Sometime in the next decade, flu vaccine will start to be grown in cell cultures, not eggs. It is a technology far more clean, predictable and expandable than the egg-based way of old.

The National Institute of Allergy and Infectious Diseases is trying to speed that day with a $11 million-a-year program in which dollar-for-dollar matching grants are being made to four companies trying to develop commercially viable techniques for growing flu virus in various types of cell culture.

The companies will get the fruits of the research. The taxpayer may get a better and more predictable vaccine supply for its investment.

Merck & Co., which makes seven vaccines and has four new ones in late testing, stopped making flu vaccine in 1986. But that product might begin to look attractive again if there were a way of making it in cell culture, said Adel Mahmoud, president of Merck Vaccines. If research being done elsewhere showed that it were possible to make a flu vaccine that didn't have to be updated each year, that "would be very, very attractive," he said.

But technology and science aren't the only things waiting to mature in the world of flu vaccine, experts said. So is social policy.

Gregory Poland, of the Mayo Clinic, favors a system of incentives: Vaccine makers would make a given number of doses of flu vaccine for the private market at their own risk; a given number for government purchase; and an additional amount that the government would agree to buy back at a specified price if there were unsold stocks at the end of the season.

Other experts agree that only some form of direct government incentive is likely to solve the problem of a small and vulnerable manufacturing base.

Donald Burke, director of the Center for Immunization Research at the Johns Hopkins Bloomberg School of Public Health, favors "a fixed and mutually beneficial relationship" between the government and companies that make vaccines against bioterrorism agents. He's coming to think the same may be the solution for flu, too.

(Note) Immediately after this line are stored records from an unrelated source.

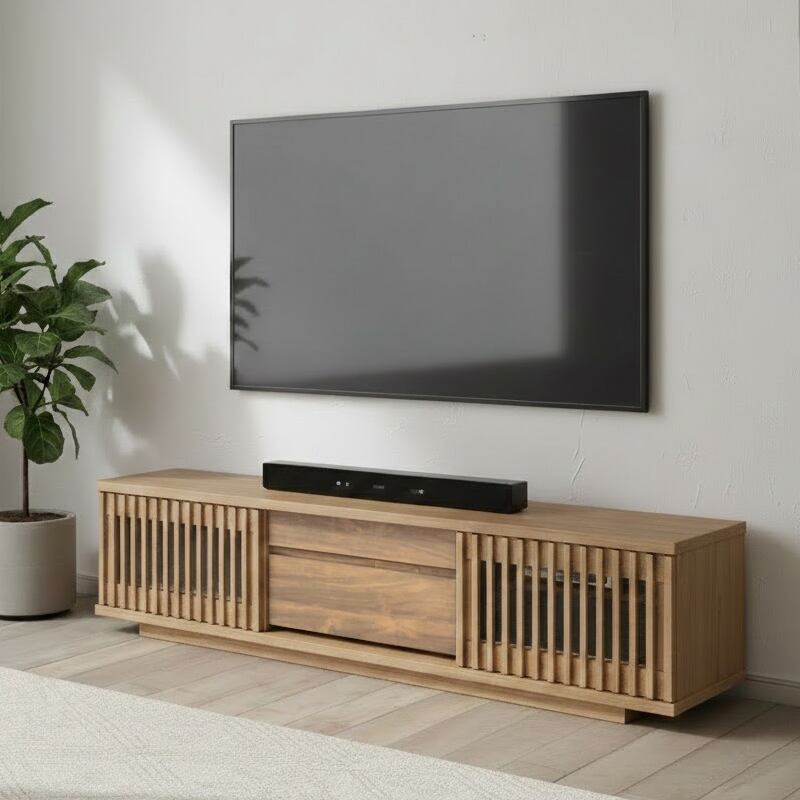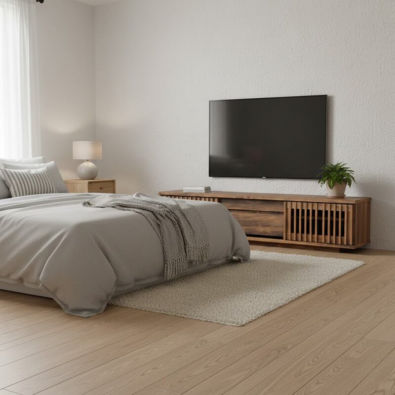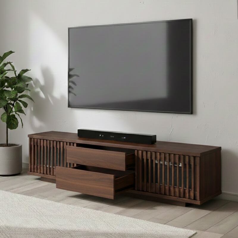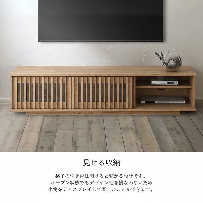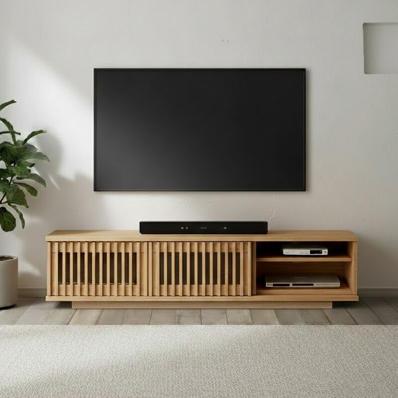 直線を基調とした静かなデザインは、北欧モダンと日本の住空間思想を融合させた“ジャパンディ”スタイル。大型テレビにも対応するワイド設計でありながら、圧迫感を抑えた水平ラインが空間に整然とした印象をもたらします。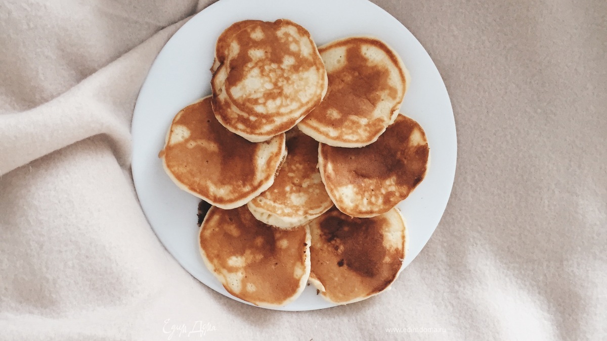 - Шаг 4Выкладываем по столовой ложке теста на раскаленную сковороду, затем убавляем огонь и накрываем крышкой минуты на 3, переворачиваем и держим еще 3 минуты. Подаем с любимым варением.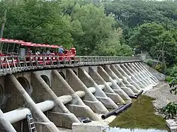 The creek passes through the middle of the Erie Zoo, where several bridges span the creek. One of the bridges is designed to act as a "drift catcher", preventing large debris from entering the tube further downstream.[5] The drift catcher is also used by the zoo's train to cross over Mill Creek.[5]

"I think it's in our national interest to promote 'health security' as well as national security," he said last week. "I would be inclined to extend the model of government-industry cooperation to diseases in the 'health security' arena, such as flu, as well."

Paradiso, at Wyeth, concurs.

"It's not that we need a new vaccine. What we need is a stable supply. We need to figure out how to make that happen."

For the foreseeable future, however, Wyeth will not be involved. The Marietta site -- founded by a local doctor in 1882 as the Lancaster County Vaccine Farm -- is up for sale.